┌──

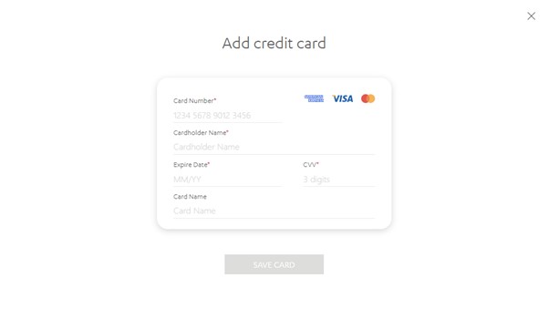 2.1.1. If you would like to pay with a credit card, you have the option to add several of them. It is possible to set the card as primary: choose the option while filling in the card details or use the alternative option 'Set card as primary' by clicking on the three red dots in the top right corner of the card.
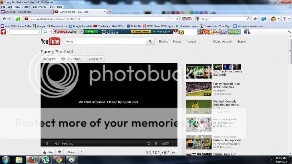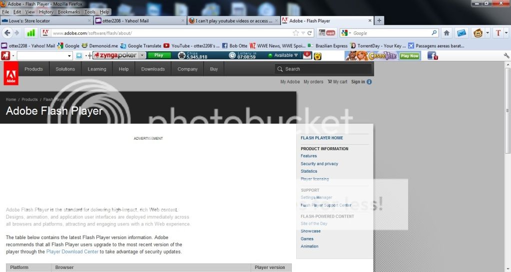 I can't play youtube videos or access games on facebook, and some websites I only get 1/2 the page. It seems like something is blocking my flash. It says my flash is up to date and also shockwave. I have included 2 screenshots. I have started in safe mode and nothing works. Works perfect in google chrome. The problem is only firefox. Any ideas??? http://i431.photobucket.com/albums/qq36/otter2208/youtube.jpg http://i431.photobucket.com/albums/qq36/otter2208/face-1.jpg I goto my plugins and see shockwave flash only. Also I have tried other sites with video and the video does not pull up at all.
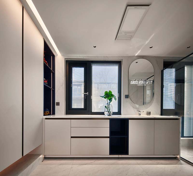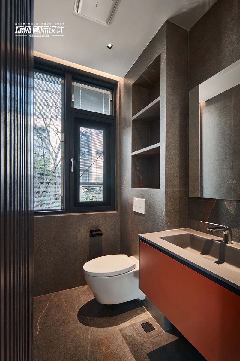 Low saturation marble tiles are used to create a tasteful and introverted space, with a dual separation design that effectively separates dry and wet areas.
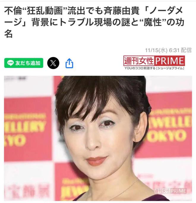 然而,2017年,51岁的齐藤由贵被《FLASH》周刊爆出与一位家庭医生有着长达5年的婚外情。最初她否认两人关系,但随着接吻照曝光,齐藤由贵不得不公开道歉。虽然演艺事业再次受挫,但丈夫选择了原谅,她的家庭并未因此破裂。
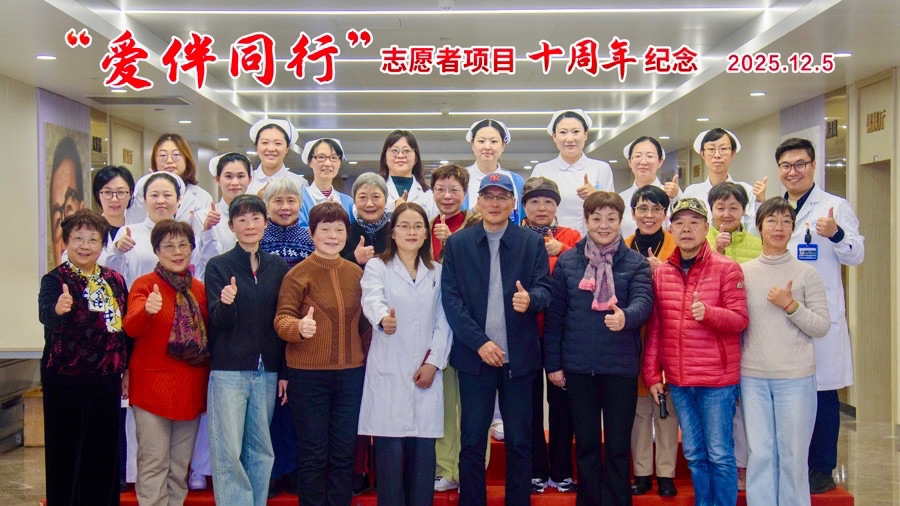 十年来,“爱伴同行”志愿服务项目已形成固定病区、固定团队和固定服务方式的长效工作机制。宣文办主任姚君介绍,该项目构建起独特的“患者-志愿者-医护”三角支持体系,让医学显露出温度与关怀。
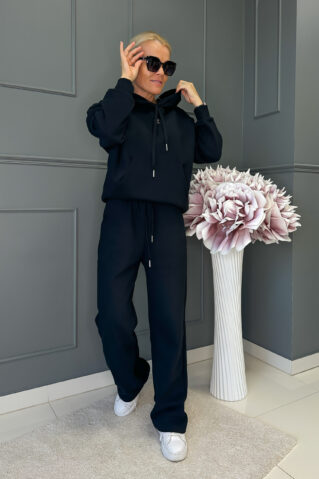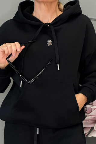Stiilne ja mugav dressikomplekt, mis koosneb sirge lõikega pükstest ja kapuutsiga dressipluusist. Dressipluusi rinda kaunistab efektne kivikestega kaetud minimalistlik mõmmikujundus, mis lisab komplektile ainulaadse ja pilkupüüdva detaili. Kängurutasku ja kapuuts teevad dressipluusi praktiliseks ja mugavaks valikuks igapäevaseks kandmiseks. Ideaalne komplekt neile, kes hindavad mugavust ja stiili üheskoos.

└──

_What to work on_
Word for word, retype the material above without its pictures.

_Output of the exercise_
 2.1.1. If you would like to pay with a credit card, you have the option to add several of them. It is possible to set the card as primary: choose the option while filling in the card details or use the alternative option 'Set card as primary' by clicking on the three red dots in the top right corner of the card.
 I can't play youtube videos or access games on facebook, and some websites I only get 1/2 the page. It seems like something is blocking my flash. It says my flash is up to date and also shockwave. I have included 2 screenshots. I have started in safe mode and nothing works. Works perfect in google chrome. The problem is only firefox. Any ideas??? http://i431.photobucket.com/albums/qq36/otter2208/youtube.jpg http://i431.photobucket.com/albums/qq36/otter2208/face-1.jpg I goto my plugins and see shockwave flash only. Also I have tried other sites with video and the video does not pull up at all.
 Low saturation marble tiles are used to create a tasteful and introverted space, with a dual separation design that effectively separates dry and wet areas.
 然而,2017年,51岁的齐藤由贵被《FLASH》周刊爆出与一位家庭医生有着长达5年的婚外情。最初她否认两人关系,但随着接吻照曝光,齐藤由贵不得不公开道歉。虽然演艺事业再次受挫,但丈夫选择了原谅,她的家庭并未因此破裂。
 十年来,“爱伴同行”志愿服务项目已形成固定病区、固定团队和固定服务方式的长效工作机制。宣文办主任姚君介绍,该项目构建起独特的“患者-志愿者-医护”三角支持体系,让医学显露出温度与关怀。
Stiilne ja mugav dressikomplekt, mis koosneb sirge lõikega pükstest ja kapuutsiga dressipluusist. Dressipluusi rinda kaunistab efektne kivikestega kaetud minimalistlik mõmmikujundus, mis lisab komplektile ainulaadse ja pilkupüüdva detaili. Kängurutasku ja kapuuts teevad dressipluusi praktiliseks ja mugavaks valikuks igapäevaseks kandmiseks. Ideaalne komplekt neile, kes hindavad mugavust ja stiili üheskoos.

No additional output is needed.